Yeah exactly, but i would prefered pokemon like Darkrai, Shaymin and Arceus since Manaphy is already obtainable, but oh well you still cant get Phione via Manaphy. And this is like the first time in ages that Nintendo has done an event in Australia maybe like 7-8 years, not sure though.


----------



## rhyguy (Nov 7, 2007)

QUOTE(enigmaindex @ Nov 7 2007 said:


> QUOTE(Talaria @ Nov 7 2007 said:
> 
> 
> > NZ never gets events like this *sigh*. Sounds great if you want a legitimate manaphy and not go through the whole pokemon ranger thing.
> ...


nintendo have done 2 events since july, the connection tour, and the big brain acdemy one


----------



## enigmaindex (Nov 7, 2007)

Sorry should have been more specific. Let me rephrase that. "And this is like the first time in ages that Nintendo has done a *Pokemon* event in Australia maybe like 7-8 years, not sure though. I find it a bit weird though. Isn't like pokemon their second biggest selling franchise. You'd think Nintendo would capitalize on  this and have more regular events down here. And plus with the new Mystery Gift implemented into Diamond you are able to obtain these pokemon or items via the Internet. Lets hope Nintendo use this.


----------



## coolbho3000 (Nov 7, 2007)

Any chance you can post it in mystery gift format?


----------



## nephdj (Nov 7, 2007)

QUOTE(enigmaindex @ Nov 7 2007 said:


> Sorry should have been more specific. Let me rephrase that. "And this is like the first time in ages that Nintendo has done a *Pokemon* event in Australia maybe like 7-8 years, not sure though. I find it a bit weird though. Isn't like pokemon their second biggest selling franchise. You'd think Nintendo would capitalize onÂ this and have more regular events down here. And plus with the new Mystery Gift implemented into Diamond you are able to obtain these pokemon or items via the Internet. Lets hope Nintendo use this.
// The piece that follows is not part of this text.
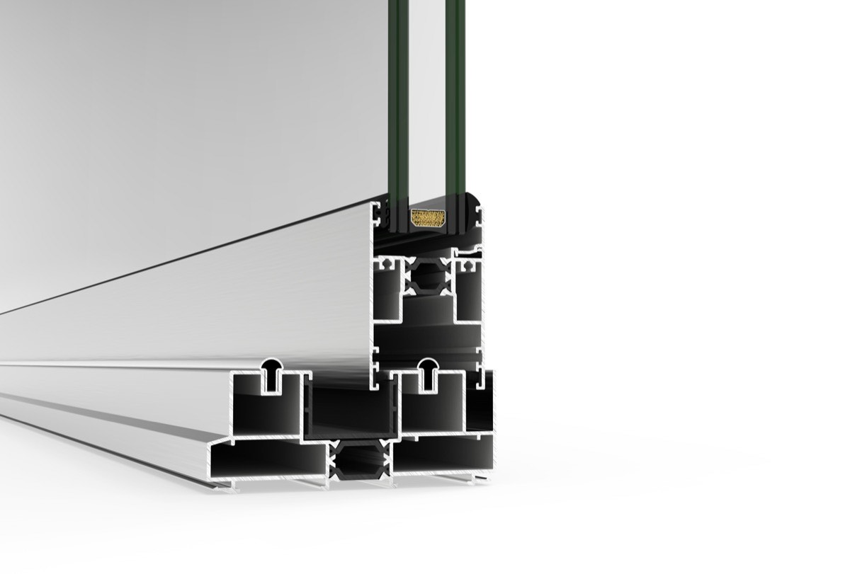 Schüco ASE 60.HI and ASE 80.HI. 60mm and 80mm basic depths. Passivhaus‑Institute certified (80mm variant). Vent travel up to 18 metres on TipTronic motorised version. RC2 burglar resistance concealed within frame — invisible from outside. Level‑threshold option for wheelchair access. Compatible with 24–50mm insulated glazing units. Continuous EPDM weather seal. Stainless steel tandem roller system.

Nintendo sponsered the pokemon card championships til only 2-3 years ago in aus

I might pick up this soon, I will put it up unless someone else does


----------



## acky (Nov 7, 2007)

QUOTE(enigmaindex @ Nov 7 2007 said:


> Sorry should have been more specific. Let me rephrase that. "And this is like the first time in ages that Nintendo has done a *Pokemon* event in Australia maybe like 7-8 years, not sure though. I find it a bit weird though. Isn't like pokemon their second biggest selling franchise. You'd think Nintendo would capitalize onÂ this and have more regular events down here. And plus with the new Mystery Gift implemented into Diamond you are able to obtain these pokemon or items via the Internet. Lets hope Nintendo use this.


They had those things for mystery dungeon...


----------



## enigmaindex (Nov 8, 2007)

QUOTE(coolbho3000 @ Nov 8 2007 said:


> Any chance you can post it in mystery gift format?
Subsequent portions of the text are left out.